From: Greg Ercolano <erco@(email surpressed)>
Subject: [SysAdmin/Windows] Getting "ERROR #1398 (has no error message)" intermittently
   Date: Thu, 18 Sep 2008 15:22:40 -0400
Msg# 1779
View Complete Thread (2 articles) | All Threads
Last Next
This problem came up from two different companies within the last month,
so I thought I post the issue / solution here.

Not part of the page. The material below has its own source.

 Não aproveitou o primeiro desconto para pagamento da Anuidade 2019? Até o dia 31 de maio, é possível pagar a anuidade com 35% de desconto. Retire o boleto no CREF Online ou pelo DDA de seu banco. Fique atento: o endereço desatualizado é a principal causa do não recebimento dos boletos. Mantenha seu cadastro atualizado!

*** Problem: Company #1 ***
> I'm seeing these errors in the rushd.log intermittently:
>
> 08/21,16:06:38 ERROR      //zserver/rush_logs/CMM/3D/logs/fex_007_scn_031): ERROR #1398 (has no error message)
> 08/21,16:06:46 ERROR      //zserver/rush_logs/CMM/3D/logs/fex_003_scn_013): ERROR #1398 (has no error message)
> 08/21,16:06:46 ERROR      //zserver/rush_logs/CMM/3D/logs/fex_003_scn_013): ERROR #1398 (has no error message)
>
> When it happens, it's with our file server running CIFS in guest mode,
> and use Kerberos authentication. Rush is running as a domain user.
> Sometimes it fixes itself after a reboot.
> 
*** Problem: Company #2 ***
> We're intermittently getting these errors in the 'NOTES' field in irush's
> 'Frames' report.. seems to be complaining about the unc path to our BlueArc
> file server:
>
> //rtserver/projects/2008_US_VEH/3D/scenes/interior_fly/veh_mask.ma.log: ERROR #1398 (has no error message).
>
> Rush is configured to run as a domain user, and Kerberos authentication is used
> with our PDC.

*** Response ***

	Error #1398 is a Microsoft filesystem authentication error number
	that translates to:

		"There is a time and/or date difference between the client and server."

	..which means there's more than a 5 minute(*) drift between the clocks
	on the client and PDC, or client and file server.

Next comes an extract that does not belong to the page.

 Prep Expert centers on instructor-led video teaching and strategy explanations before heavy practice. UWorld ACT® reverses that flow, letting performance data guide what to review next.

	This is not a problem with Rush, but with windows authentication.

	Microsoft's "Troubleshooting Kerberos Errors" page has info wrt time drift:
	http://www.microsoft.com/downloads/details.aspx?FamilyID=7dfeb015-6043-47db-8238-dc7af89c93f1&displaylang=en

	Regarding the 5 minute(*) citation, this tolerance is a default
	that apparently can be changed in the group policy.

	BTW, you can convert Microsoft error numbers like "1398" using 'net helpmsg',
	eg:

		net helpmsg 1398

	..which in this case prints the time/date error as shown above:

		There is a time and/or date difference between the client and server.

	Rush may print "(has no error message)" for error 1398 because that build
	of Rush didn't have that error message at the time it was built. Microsoft
	creates new error messages from time to time, as they 'embrace and extend'
	their way across the computing landscape.

*** Solution ***

	In the case of Company #1, they fixed the problem by syncing their clocks,
	and converting rush to run on their windows machines as a local user. They
	mention they did have to reboot the clients because the mounts would not
	pickup due to the time slip.

	In the case of Company #2, they fixed the clock skew problem on their
	BlueArc file server; the PDC and clients were all properly synchronized.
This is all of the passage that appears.